Documentation for gnumpy


Getting started

Use "import gnumpy", and/or "from gnumpy import <what you put here is up to you>" Module gnumpy contains class garray, which behaves much like numpy.ndarray Module gnumpy also contains methods like tile() and rand(), which behave like their numpy counterparts except that they deal with gnumpy.garray instances, instead of numpy.ndarray instances. Gnumpy imports Vlad's cudamat in order to use a GPU board, or failing that, imports Ilya's npmat in order to run everything in simulation mode, on the CPU. Don't touch cudamat (or gpu_lock) yourself. Gnumpy takes care of that. The first time you create a garray instance, gnumpy claims a gpu board.
Switching from numpy to gnumpy

For some things you'll likely still use numpy Avoiding unintended use of numpy arrays
Advanced features

gnumpy.status() will show some basic information about the internal state of gnumpy. Gnumpy arrays can safely be used with pickle/cPickle. GPU memory usage debugging Running on CPU vs. on GPU Logistic function Telling gnumpy which GPU board to use More time-consuming error checking The special values inf and nan
Known issues

As of 2010-05-21, cudamat has some bugs in dealing with really large arrays.

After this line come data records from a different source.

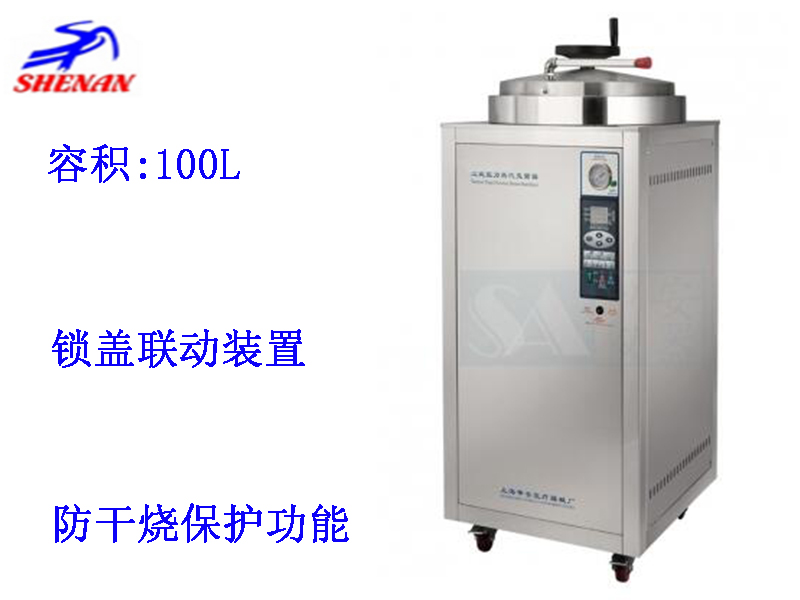 容積:100L; 斷水保護功能 ; 手輪式開蓋結構 ; 額定工作壓力:0.165Mpa; 自脹式密封 ; 滅菌結束自動報警
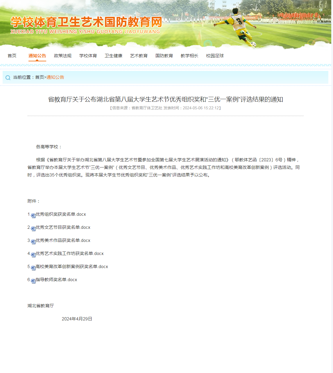 湖北省第八届大学生艺术节高校美育改革创新案例获奖名单
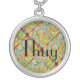 Thuy name with abstract art background silver plated necklace
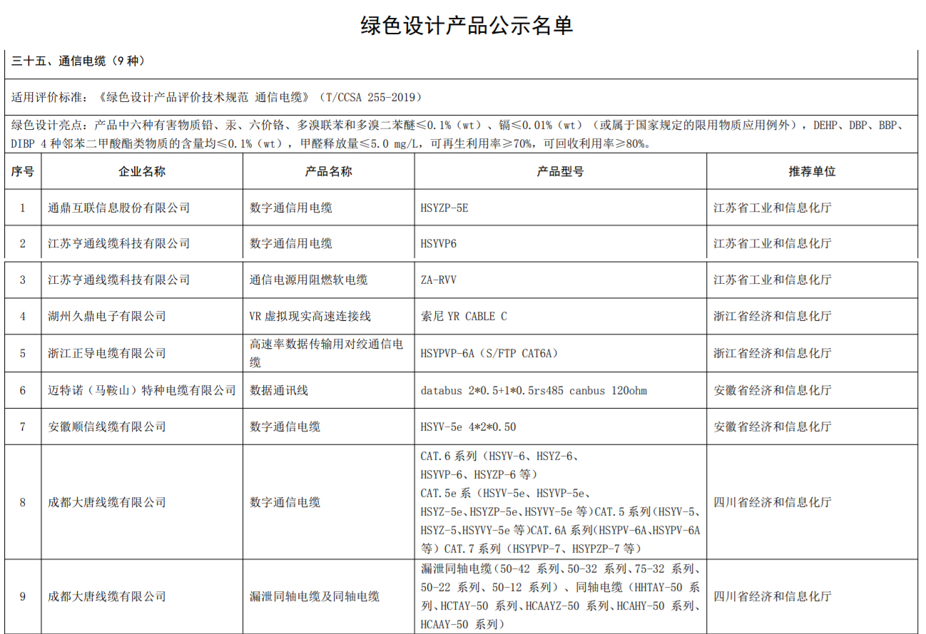 入选企业的“通信电缆”产品适用评价标准是《绿色设计产品评价技术规范 通信电缆》(T/CCSA 255-2019)。绿色设计亮点包括:产品中六种有害物质铅、汞、六价铬、多溴联苯和多溴二苯醚≤0.1%(wt)、镉≤0.01%(wt)(或属于国家规定的限用物质应用例外),DEHP、DBP、BBP、DIBP 4 种邻苯二甲酸酯类物质的含量均≤0.1%(wt),甲醛释放量≤5.0 mg/L,可再生利用率≥70%,可回收利用率≥80%。
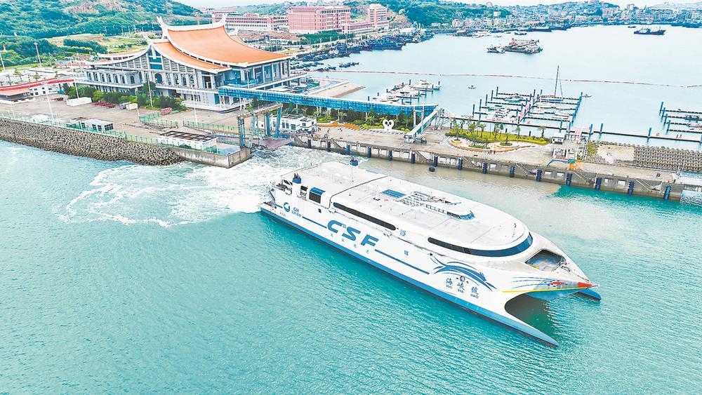 8月6日,在平潭澳前客運(yùn)滾裝碼頭,“海峽號(hào)”客滾輪運(yùn)載2個(gè)集裝箱緩緩駛離港口,這是該船時(shí)隔628天后再次穿越臺(tái)灣海峽駛向臺(tái)北港,標(biāo)志著“海峽號(hào)”再度恢復(fù)兩岸海上貨物直航運(yùn)輸。據(jù)悉,自2011年首航以來(lái),“海峽號(hào)”已累計(jì)運(yùn)送旅客近100萬(wàn)人次,運(yùn)載貨物超3.8萬(wàn)噸,先后開(kāi)通了平潭至臺(tái)中、臺(tái)北、高雄3條航線(xiàn),輻射臺(tái)灣北部、中部和南部。此次航線(xiàn)恢復(fù)后,預(yù)計(jì)每周執(zhí)行一個(gè)往返航班。(張哲昊 江信恒 攝)
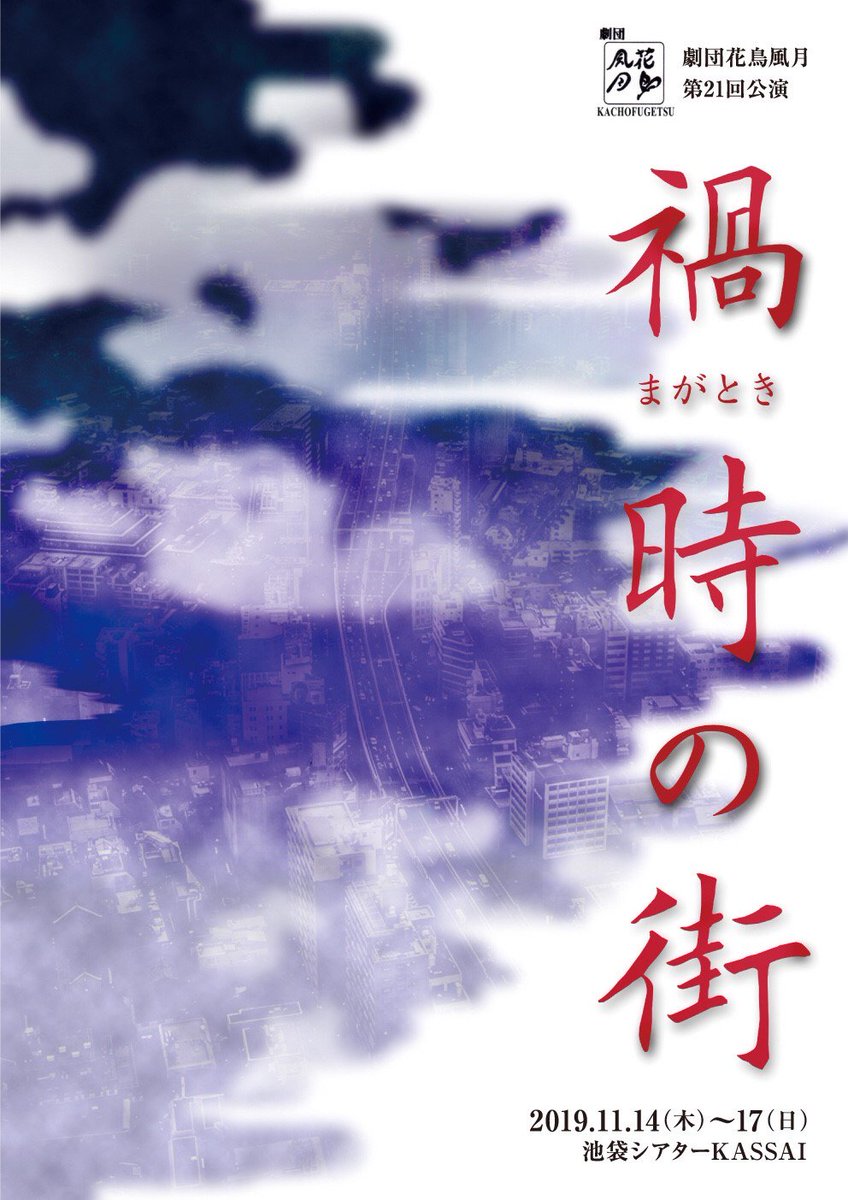 劇団花鳥風月 第21回公演 【禍時の街(まがときのまち)】 ●日時● 2019年11月14日(木)~17日(日) 15(金)14:00/19:30 16(土)14:00/19:00 17(日)15:00 @シアターKASSAI
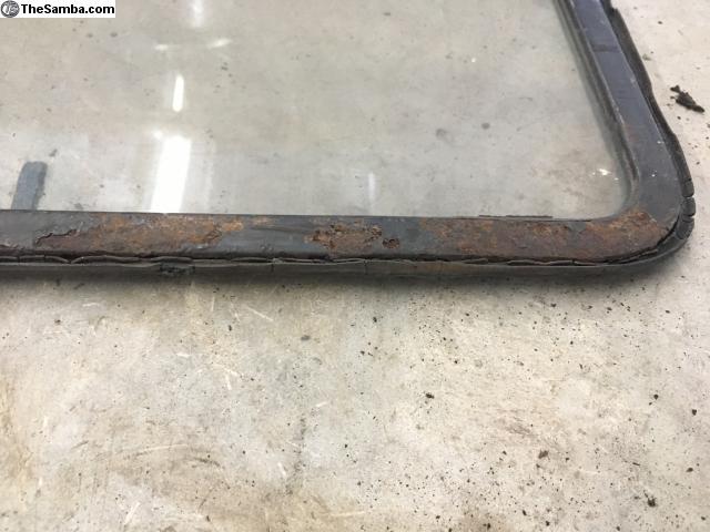 This pop out window has seen quite a bit in it's days. The lower edge is rusty and deeply pitted, and the mounting tab for the latch is busted off. The hinge mount holes all look to be in decent shape still. Glass is in good but dirty shape. Shipping included to the lower 48, local pickup also available.
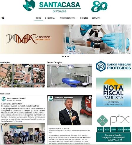 Na pgina principal do portal j tem demonstrao sobre a Nota Fiscal Paulista, bem como a doao por PIX, com valores sugeridos de: 30, 50, 100 ou 200 reais, ou qualquer outro valor. Isso pode ser uma doao identificada ou no, falou ao abrir para pessoas fsicas e jurdicas. Estamos reunindo fotos antigas para serem apresentadas junto a fotos atuais, bem como a parte histrica do nosso hospital que muito interessante, disse ao acreditar que nos prximos dias isso ser possvel. As notcias, as fotos, os histricos e as ferramentas de doao espontnea, certamente daro um dinamismo bastante grande ao nosso portal, que crescer com o tempo de acordo com a demanda e disponibilidade, disse o dirigente confiante neste projeto, lanado em Novembro de 2019, e que passar por modernizao e atualizao. No mundo virtual tudo tem que ser dinmico e gil, falou o provedor da Santa Casa de Pompeia. Temos que contar com todas as ferramentas possveis, enfatizou Alair Mendes Fragoso.

Not all of those have been worked around in gnumpy. As of 2010-05-16, cudamat has some bugs in dealing with arrays of size zero. Not all of those have been worked around in gnumpy. Creating a numpy array from a tuple that includes garray's is terribly slow, and interrupting it results in a segfault. Some numpy features are not (yet) implemented. You'll see a NotImplemented exception if you try to use them. Please let me know if this happens, and I'll try to implement that specific feature. If you ever see an error message from cudamat, then I consider that a bug and I would like to know about it.

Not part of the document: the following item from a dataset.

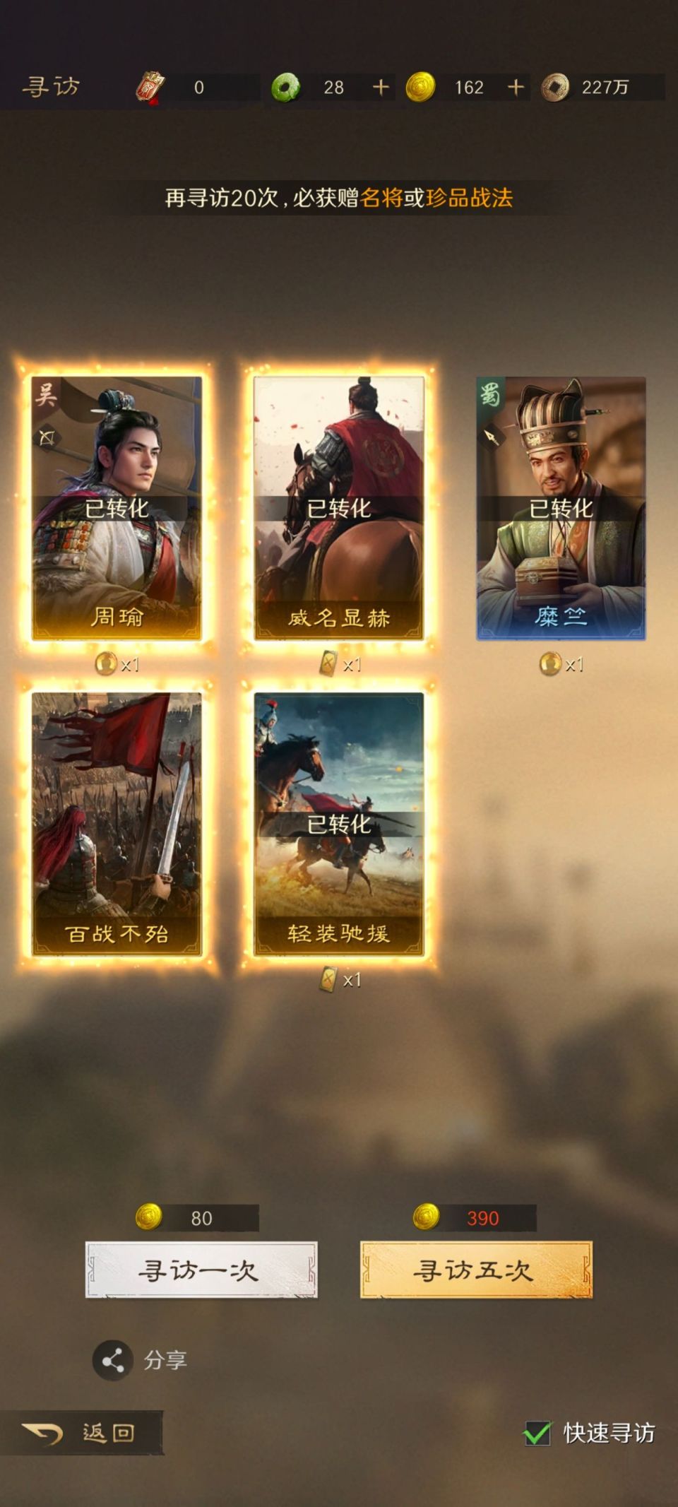 游戏独创的武将置换系统更是策略混搭的强力后盾,等级和战法可以免费重置,让你大胆尝试各种组合而无后顾之忧。自动铺路、主城资源地、练兵所自动升级等功能,大幅降低操作负担,让你有更多精力研究战术。抽卡系统堪称业界良心,8%的橙卡概率和20抽保底机制,加上登录七天赠送的125抽,让每个玩家都能轻松获得心仪武将。解锁战法槽和韬略仅需铜币,无需消耗同名卡,彻底告别“氪金抽卡”的烦恼。

Differences from numpy ndarrays


This section is only relevant if you like editing your arrays (using operators like += or slice assign). In numpy, many operations don't copy the data to a new array, but only make a reference a.k.a. alias. In gnumpy, there are three operations that create an alias: Note: slice assignment "A[:,3]=B" has nothing to do with aliasing, and works exactly like in numpy.
All data is of type float32.

However, there are some boolean operotors. Those use 1.0 to represent True, and 0.0 to represent False. Note that 32 bit might not be enough for finite difference gradient approximations. To do those, you may have to run in simulation mode, with high numerical precision. Because there is only one data type, some comparisons to non-number data, like "A < None", might raise an exception (in numpy they don't).
Not all numpy operations are supported yet.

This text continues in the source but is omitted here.